● Source data
==*==
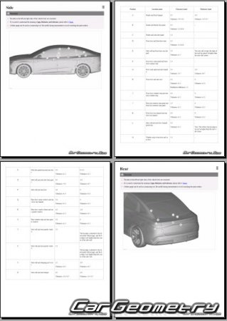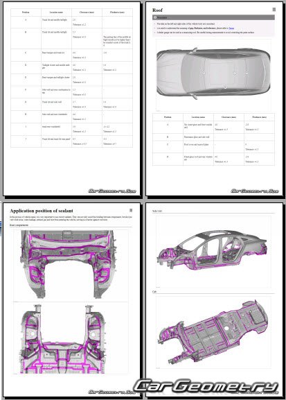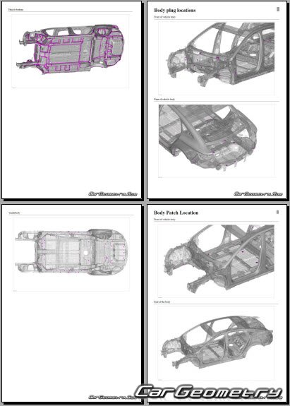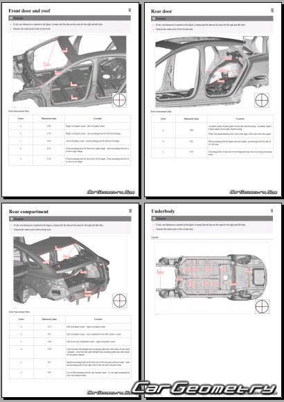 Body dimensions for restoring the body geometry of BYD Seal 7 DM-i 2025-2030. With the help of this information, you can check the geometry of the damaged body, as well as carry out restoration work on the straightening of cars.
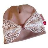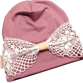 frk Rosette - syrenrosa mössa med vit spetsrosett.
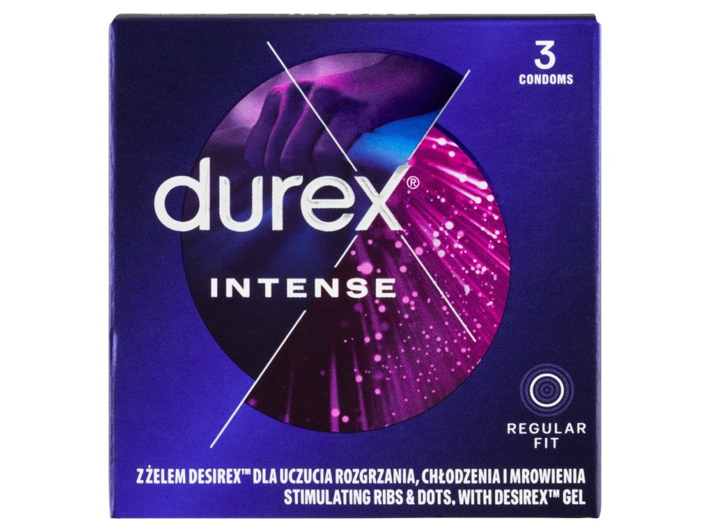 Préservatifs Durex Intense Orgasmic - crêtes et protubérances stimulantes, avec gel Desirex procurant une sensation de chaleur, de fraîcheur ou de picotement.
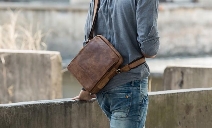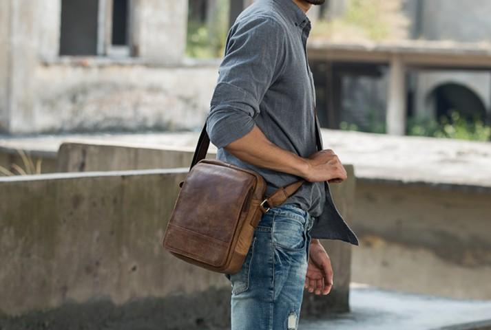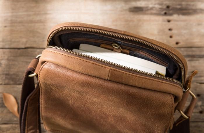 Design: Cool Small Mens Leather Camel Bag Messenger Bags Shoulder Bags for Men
==*==
● What is expected
Every line from the line containing "frk Rosette - syrenrosa" through the last line above is to be printed exactly. Pictures are not copied.

● Result for this task
 frk Rosette - syrenrosa mössa med vit spetsrosett.
 Préservatifs Durex Intense Orgasmic - crêtes et protubérances stimulantes, avec gel Desirex procurant une sensation de chaleur, de fraîcheur ou de picotement.
 Design: Cool Small Mens Leather Camel Bag Messenger Bags Shoulder Bags for Men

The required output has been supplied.